I think AA can be really damaging to people with trauma issues.
This needs to be shouted from a mountain top. I agree so much. I am so thankful that my therapist said to me the other day that she thinks I'm doing a great job being a sponsor seeing how I separate sponsorship from therapy, and how I always tell my sponsees stuff like "that's not an issue for a sponsor, that's an issue for a therapist", etc. There must be strong clear lines between the two. My only role is taking someone through the steps. I also make clear that step work does not solve mental illness. I had a sponsor who didn't want to continue IOP and only do her step work. I told her I'd stop working with her if she stopped the IOP on her own accord. The steps help with alcoholism, nothing more.



I agree. You stated this so well. I struggled a lot with a previous sponsor who disagreed with my therapist regarding amends and if I listened to her and not my therapist, would have caused me a lot of harm. I've had other sponsors poke fun at my going to therapy, calling it immature, etc. I've heard of others who think you're not truly sober if you take meds for anxiety or depression, etc. Sponsors are not trained mental health professionals!!! And sponsors in AA need to stop bad mouthing mental health professionals.


I'm trying to tell what the difference is for myself so I can figure out what needs to be worked on--from a spiritual angle or depression/anxiety outside of alcoholism angle. I don't know how to tell.

-Some people stop drinking and their depression/anxiety goes away, which means the alcohol was causing it directly or both directly and indirectly. These are the types who do very well with "don't drink and go to meetings."

-Some people stop drinking and their depression/anxiety worsen, because they were using alcohol to self medicate. Alcohol was the solution until it became a problem.
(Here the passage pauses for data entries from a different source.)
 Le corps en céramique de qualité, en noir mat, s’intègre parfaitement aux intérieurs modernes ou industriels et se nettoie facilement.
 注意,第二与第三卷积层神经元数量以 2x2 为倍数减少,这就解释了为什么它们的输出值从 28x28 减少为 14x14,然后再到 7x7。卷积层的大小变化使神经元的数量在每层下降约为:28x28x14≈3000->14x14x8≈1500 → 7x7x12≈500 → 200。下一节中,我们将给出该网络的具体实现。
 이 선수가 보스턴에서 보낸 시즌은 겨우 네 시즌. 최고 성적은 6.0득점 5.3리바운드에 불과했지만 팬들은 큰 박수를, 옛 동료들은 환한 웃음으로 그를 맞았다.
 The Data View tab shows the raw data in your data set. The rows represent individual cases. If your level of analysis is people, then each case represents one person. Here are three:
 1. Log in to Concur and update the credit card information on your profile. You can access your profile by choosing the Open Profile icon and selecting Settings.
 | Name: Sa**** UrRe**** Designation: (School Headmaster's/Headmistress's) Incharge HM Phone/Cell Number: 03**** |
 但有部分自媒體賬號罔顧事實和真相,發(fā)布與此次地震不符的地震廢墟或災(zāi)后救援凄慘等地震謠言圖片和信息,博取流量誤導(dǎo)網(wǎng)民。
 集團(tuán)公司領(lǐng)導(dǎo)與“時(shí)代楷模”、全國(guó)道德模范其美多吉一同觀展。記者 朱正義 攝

These are us types who get worse from "don't drink and go to meetings".

-Some people stop drinking and their depression/anxiety goes away when they have a spiritual awakening from doing the step work.
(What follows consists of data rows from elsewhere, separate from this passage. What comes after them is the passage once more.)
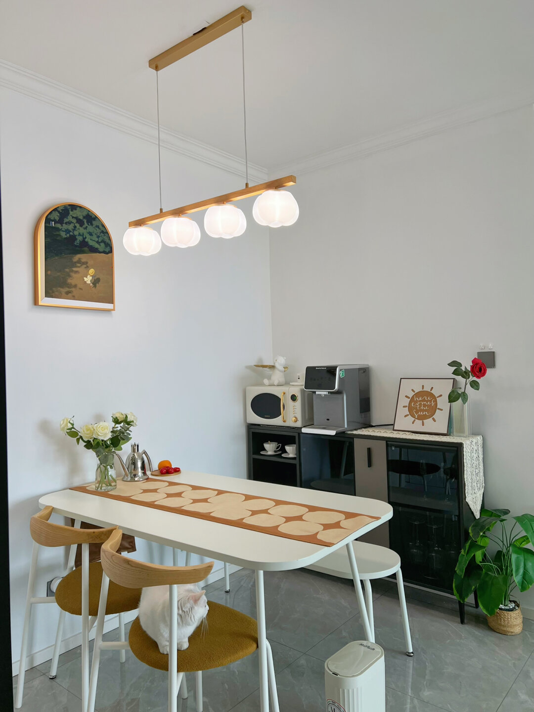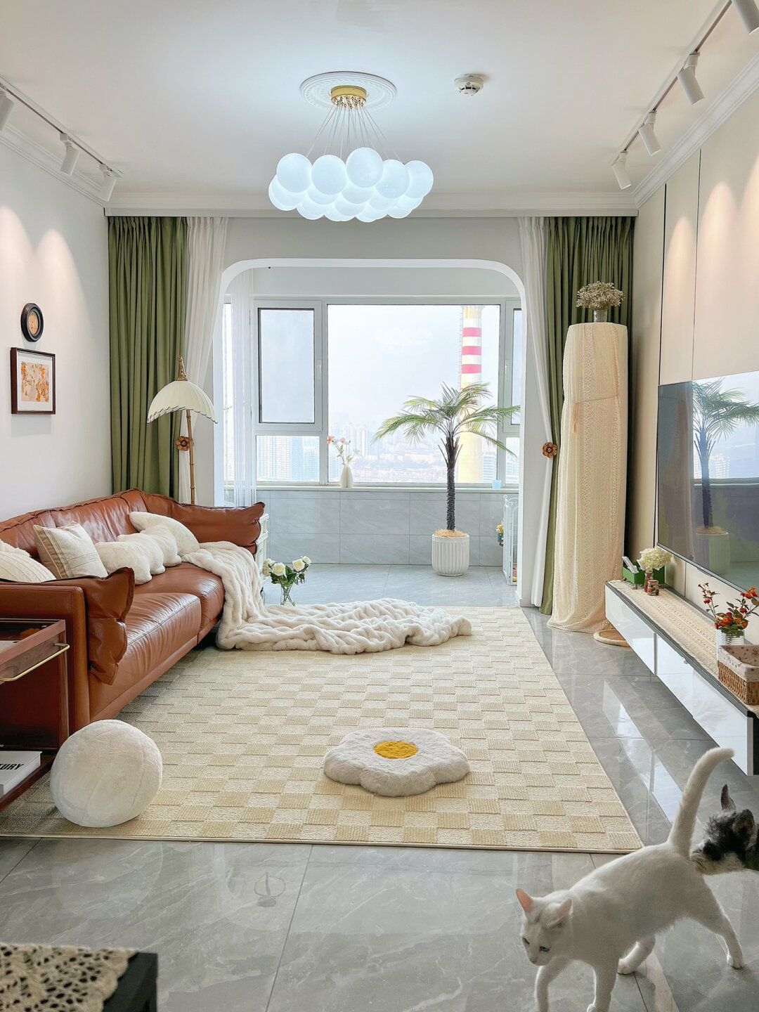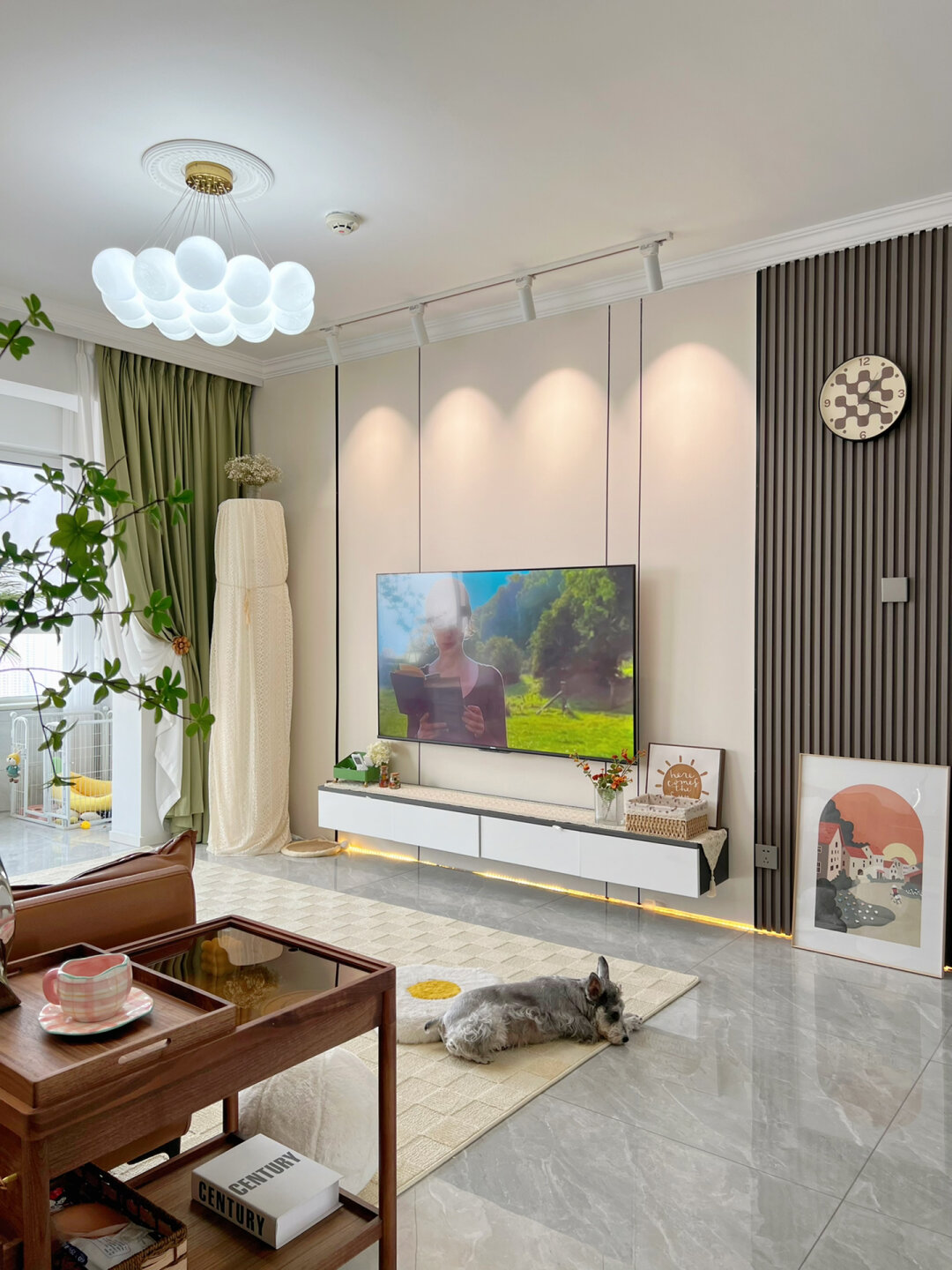 6w自装的家,朋友都说得30w吧[微风] 建筑面积109平,套内85平,公摊24平 三室两厅一卫一厨 硬装6W,软装3W 虽然不豪华,但朋友来了之后都说得花不少吧~ 我来跟大家免费分享一下小户型装修经验 - 确定风格[微风] 简单硬装 普通人的家还是要清清爽爽一点,就一切从简了,没做吊顶,显层高,两侧安装了明装轨道灯,给房顶增加装饰感. - 轻装修 [微风] 重装饰 硬装真的越简单越好看,简简单单,看着就宽敞舒服,软装可以根据自己喜好随意搭配. - 小户型餐厅[微风] 超薄餐边柜 餐厅虽小,五脏俱全,餐边柜30cm足够日常用的,搭配原木色吊灯,柔和的色彩更温馨,棉花造型更有艺术感. - 全屋大白墙[微风] 纯白踢脚线 白墙让家白到放光,视觉上显大,时间久了也不会看腻,而且软装怎么搭配都不会出错,4cm实木踢脚线显得更加精致. - 客餐厅瓷砖通铺[微风] 中灰色瓷砖 真的适用于任何户型,视觉上增加延伸感,干净利落.
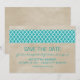 Anuncios de guardar la fecha de Cuatrofoja Rústica elegantes y sofisticados con un fondo de textura vintage y un borde de patrón moderno en turquesa. Fácil de personalizar, simplemente agregue los detalles de su boda. Haga clic en "Personalizar" para encontrar más opciones de personalización.
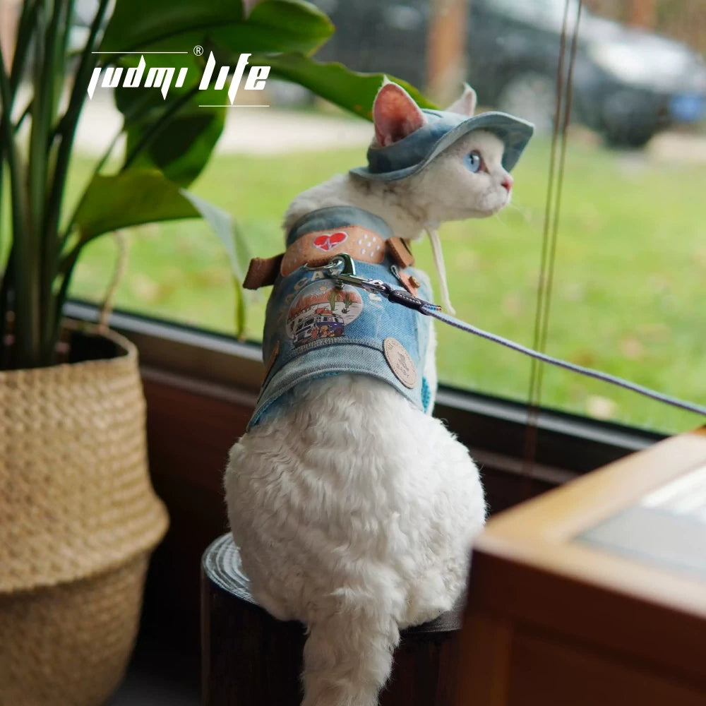 Dress up your cat in this adorable denim chest leash set complete with a matching hat! Perfect for playful outings, this set combines style and safety, letting your furry friend explore comfortably while looking irresistibly cute. The denim material adds a trendy touch, making every walk a fun fashion statement.
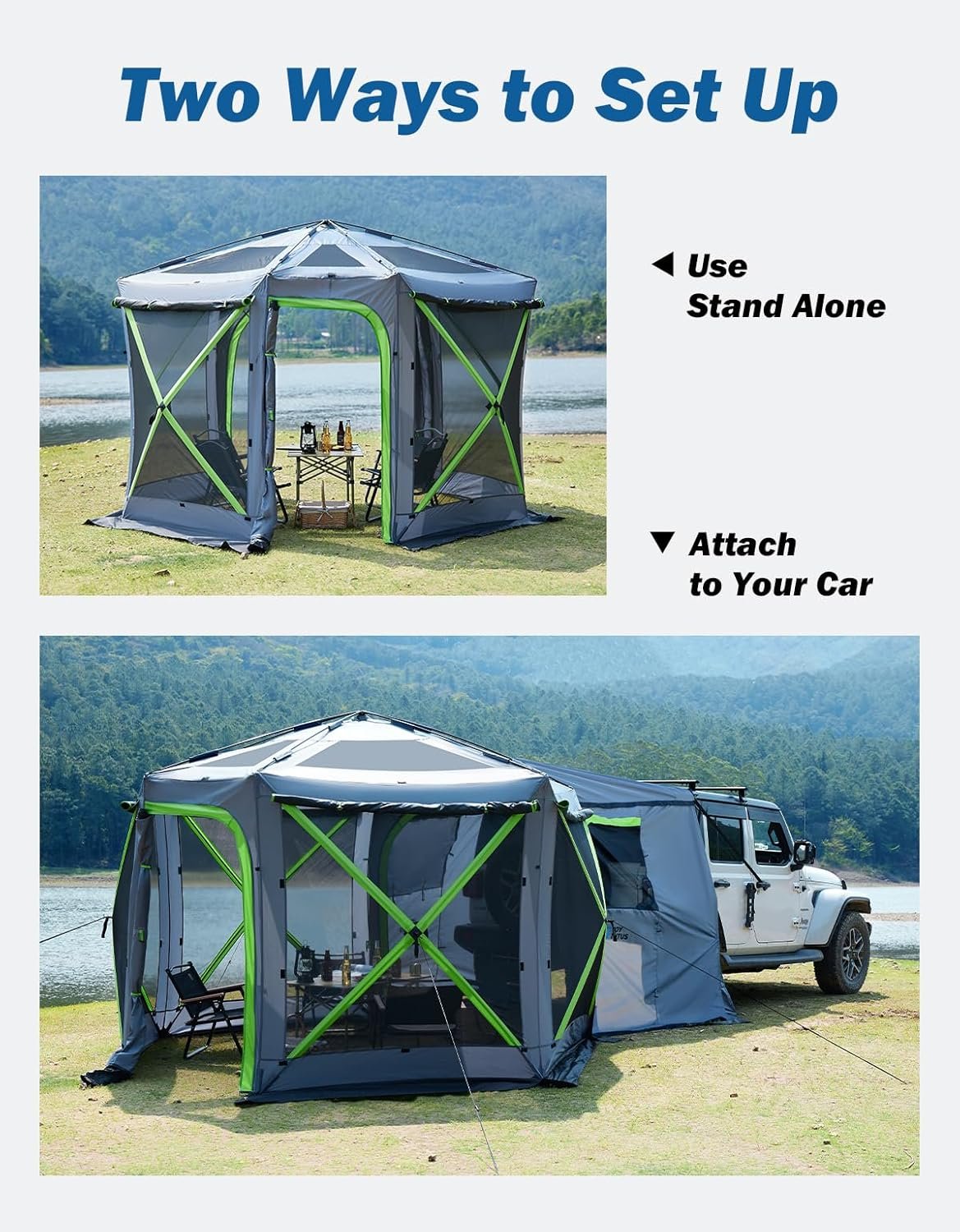 Dual-Use Pop up SUV Tents for Camping, 10 x10.5 Ft Big Space 2 Rooms Car Tent, SUV Tailgate Tent for Family Camping, 5 Sides Canopy, Portable Carry Bag, Gray Green

-Some people stop drinking, have a spiritual awakening from the step work, and their depression/anxiety comes back because they're suffering from untreated alcoholism.

-Some people stop drinking, have a spiritual awakening from the step work, but their depression/anxiety comes back because they're suffering from clinical depression/anxiety.
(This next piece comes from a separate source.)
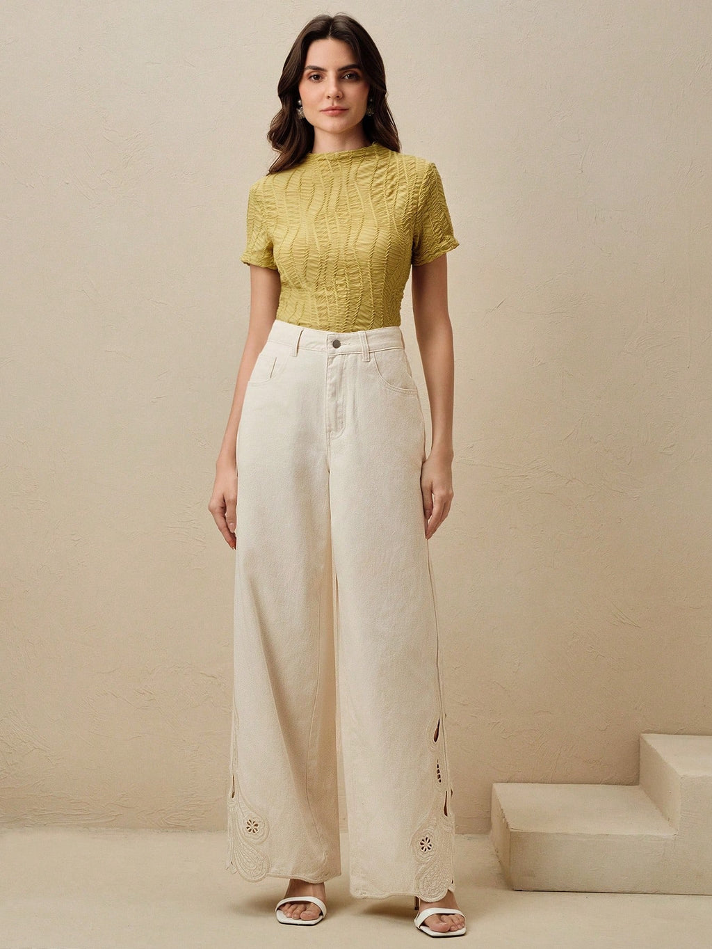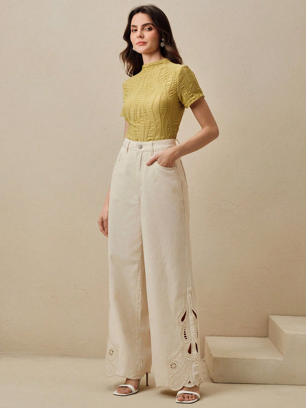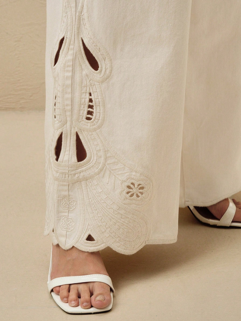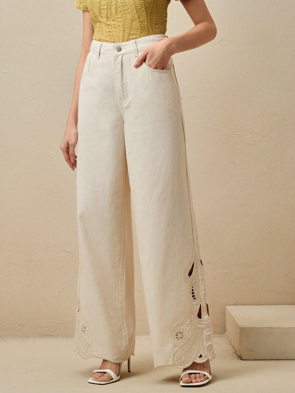 MIU Fashionable Women's Embroidery Beige Straight Leg Wide Leg Jeans
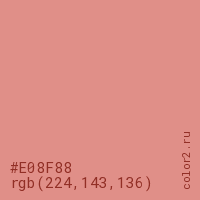 Цвет #E08F88 в цветовой модели RGB обозначается тремя октетами (224, 143, 136) в десятичном формате и #E08F88 в шестнадцатиричном (hex) формате, которые являются интенсивностью красного 224 (hex E0), интенсивность зелёного 143 (hex 8F) и интенсивность синего 136 (hex 88).

So if it comes back, is it a spiritual issue or a mental health issue? How to tell?

I have never allowed people in AA to treat me that under the guise of being "helpful."

Rude behavior is rude behavior.

As far as depression being a spiritual or metal health issue: I've been unhappy, upset, angry but I don't suffer from depression.

I don't wake up feeling down for no reason.

When people in AA tell me they suffer from depression, anxiety or whatever and a doctor has prescribed medication I say good for them.
I hope it works.

I'm not a medical doctor, therapist , marriage councilor or financial adviser. And most in AA aren't either.

Unfortunately that doesn't stop some from offering advice on matters they know little whether its solicited or not.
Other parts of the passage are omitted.